Can someone please translate "I love you sayo" (leaving I love you in English.) And is it sayo or sa'yo or sa'inyo?


----------



## SofiaB

saiyo= for you.


----------



## ShroomS

Sa'yo is actually a combination of 2 words "sa" and "iyo". Just like in English, there's the word "isn't" which is a combination of the words "is" and "not".

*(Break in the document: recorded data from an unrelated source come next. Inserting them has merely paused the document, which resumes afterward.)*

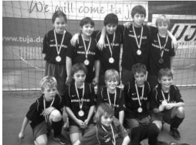
E1- Junioren Vizehallenkreismeister 2006!

Die A- Junioren hatten in der Vorrunde den FC Schweitenkirchen, den SV Stammham und die DJK Ingolstadt als Gegner. Im ersten Spiel gegen den FC Schweitenkirchen wurde den Göppel- Schützlingen ein Fehlpas 10 Sekunden vor Ende zum Verhängnis, den der FC zum 2:1 –Siegtreffer nutzte. Im zweiten Spiel gegen den SV Stammham stand der SV unter Siegzwang, konnte dem Druck standhalten und siegte verdient mit 5:2 Toren. Im letzten Vorrundenspiel gegen die DJK Ingolstadt wäre der Einzug ins Halbfinale durch ei-
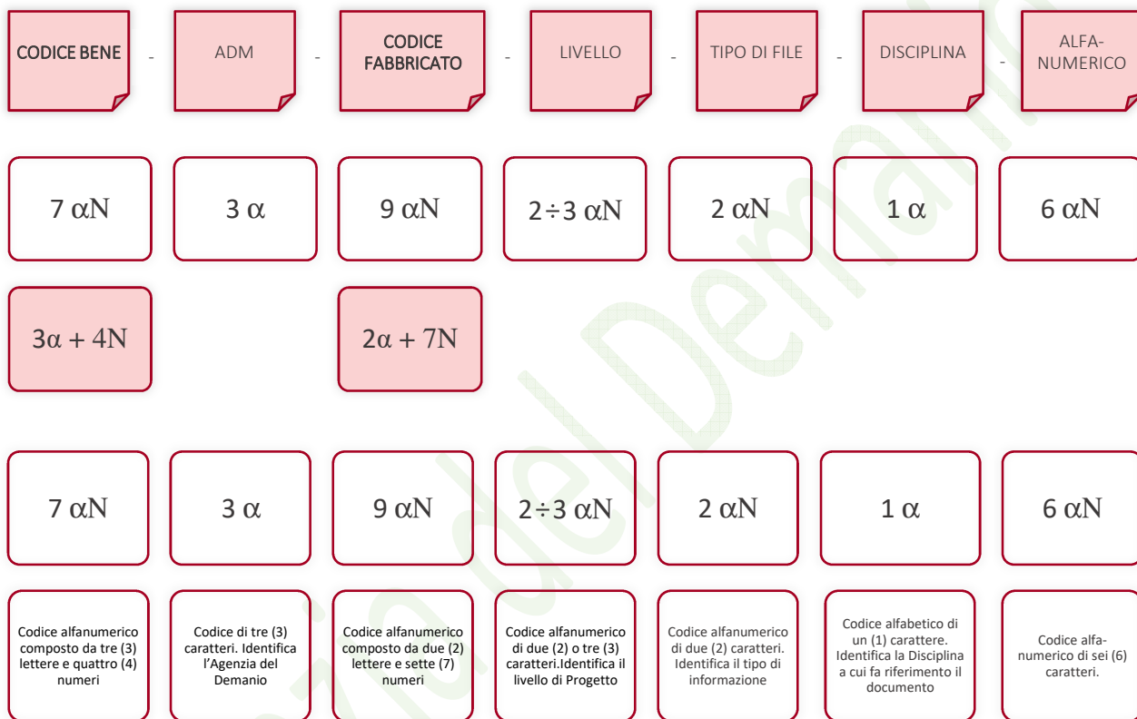
Esempio di codifica dei modelli

Di seguito è riportata lo schema tipico della codifica su citata a titolo esemplificativo e non esaustivo:
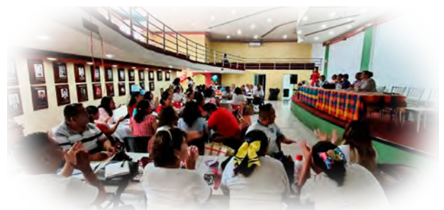
Imagen 4. Plenaria de zona para socialización de prácticas situadas.

Lo más significativo de esta estrategia fueron los acuerdos colectivos generados, en los que, a partir del uso de la creatividad y la participación activa, surgieron nuevas ideas orientadas al fortalecimiento de la práctica educativa.
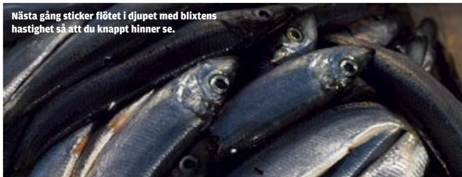
Nästa gång sticker flödet i djupet med blixstens hastighet så att du knappt hinner se.

Men som vanligt finns det mer eller mindre säkra ställen, och i regel är närhet till djupare, friskt vatten en bra utgångspunkt. Att hitta de platserna kan ibland vara löjligt enkelt, eftersom här ofta ligger en klunga
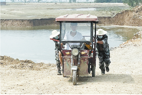
一位浚县小伙子和救援队员一起转移排涝设备。

"Sa'yo" is the more appropriate way of spelling it, sayo is more like a slang.


----------



## Roshini

Then what about sa inyo? What does that mean? How to use that?


----------



## wEi-wEi

'inyo' = used when you know a person with a group of other person...
              in short it's like the word "you + them"... i can't think of the exact word right now... i'll just tell it when i've found it out...


----------



## Roshini

Ok take your time. Ok now how do I say that in Tagalog?


----------



## wEi-wEi

inyo itong *gamit* _na ito_ = these *things* _are_ yours.


----------



## Roshini

That's not what I meant. Hehehehe. How do you translate 'Ok, take your time' in Tagalog? And what about 'inyo'?


----------



## wEi-wEi

Sige, maghihintay ako... it's like that... the literally tagalog ver. of that is not good in ears so i use that... hehe!


----------



## Roshini

So what you're trying to say is that:
ok, I will take my time - sige, maghihintay ako. Pero, maghihintay magkaroon wait na, di ba? What about 'inyo'? Examples please.


----------



## wEi-wEi

yah... ok... 'bout 'inyo'="we just use yours 'coz there's no literall translation of inyo...

it's yours. = ito ay sa inyo
these are yours. = sa inyo ang mga ito.

inyo = (not the "I" speaker ok)you&them


----------



## BaraniskoDyskoteka

I love you = mahal kita


----------